На следующий день явился к нему. Интеллигентный, культурный человек. Мы встречались раньше – он приезжал в команду, интересовался ее состоянием, ко мне относился уважительно. Но на Старой площади, где тогда размещались Секретариат ЦК КПСС и цековский аппарат, разговор много времени не занял:

– Савелий Евсеевич, – сказал Русак, – руководство просит, чтобы вы написали отчет. Нужен анализ медобеспечения на этапе подготовки и в период чемпионата. На основе ваших данных остановитесь на функциональной готовности игроков.

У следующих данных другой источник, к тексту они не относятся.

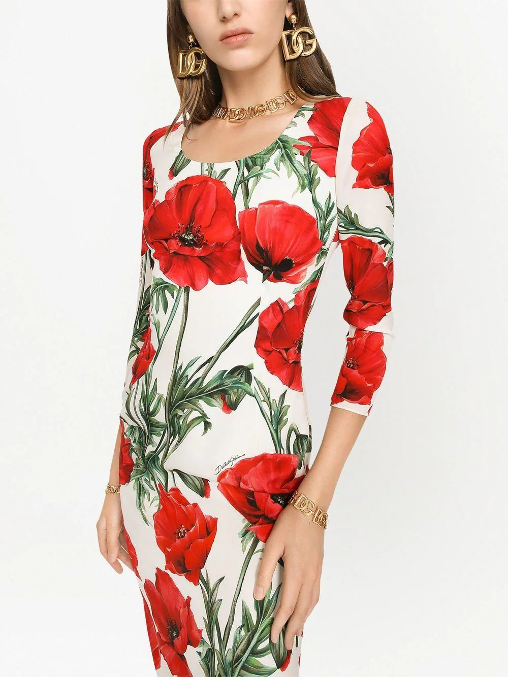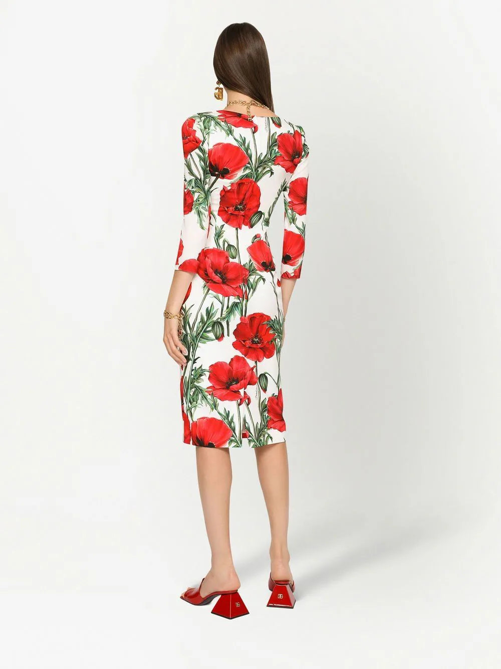 Often used through their collections, the poppy print represents Dolce & Gabbana's striking, ornate aesthetic. Seen in this stretch-design midi dress, the piece is elevated further by the premium silk-blend construction.
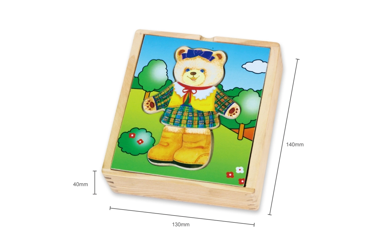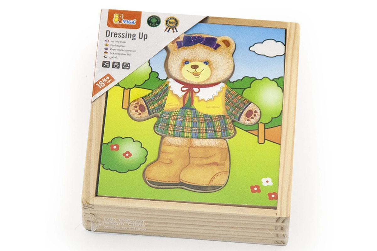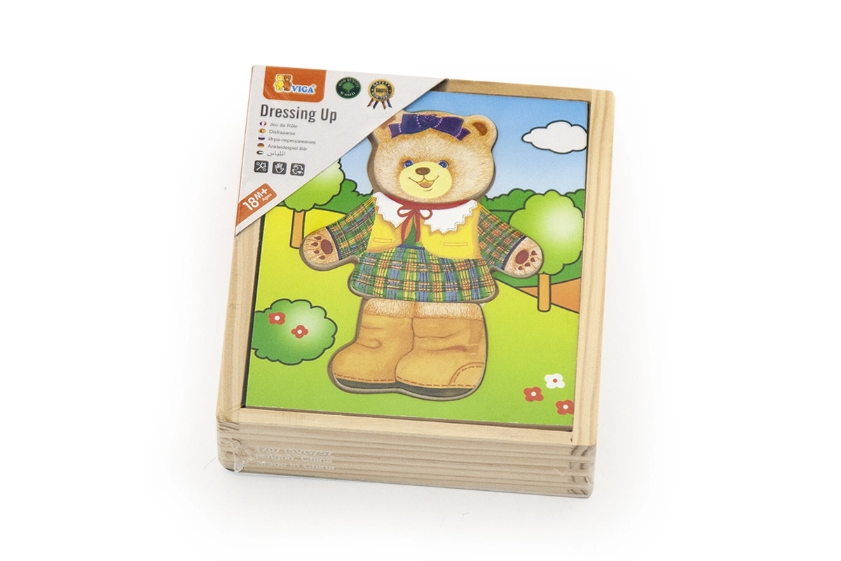 Adorable ensemble de puzzles en bois de la marque Viga permettant aux enfants de composer six images différentes d’une oursonne avec diverses humeurs et tenues. Favorise la motricité fine, la pensée logique et la reconnaissance des émotions, tandis que la boîte pratique garde toutes les pièces bien rangées.

Беседа проходила в понедельник. «Сроку, – предупредил Русак, – вам дается два дня – в среду материал принесете сюда!» Ночь не спал, писал. И хотя вся информация у меня была под рукой, почти все время потратил на составление документа. А ведь еще надо было успеть отпечатать. Правда, здесь неожиданно повезло. Подвез на машине голосовавшую женщину. По дороге разговорились. Оказалось, дочка Николая Байбакова, тогдашнего многолетнего председателя Госплана СССР. Сама Татьяна Николаевна – кажется, так ее звали – в АПН работала. В процессе беседы я ненароком обмолвился, что очень спешу, поскольку у меня проблема – надо материал срочно отпечатать. А она вдруг предложила:

– Давайте сделаю!

Подвез ей в первой половине дня бумаги, а уже вечером получил распечатку. Привез Русаку. Тот пробежал глазами и говорит:

– Идемте со мной!

И повел к Борису Гончарову, завсектором спорта Отдела пропаганды ЦК. Там произошел жесткий разговор. Но совсем не по моей части. Главным был вопрос – «Почему руководил Сыч?» А мне, собственно, претензий не предъявили.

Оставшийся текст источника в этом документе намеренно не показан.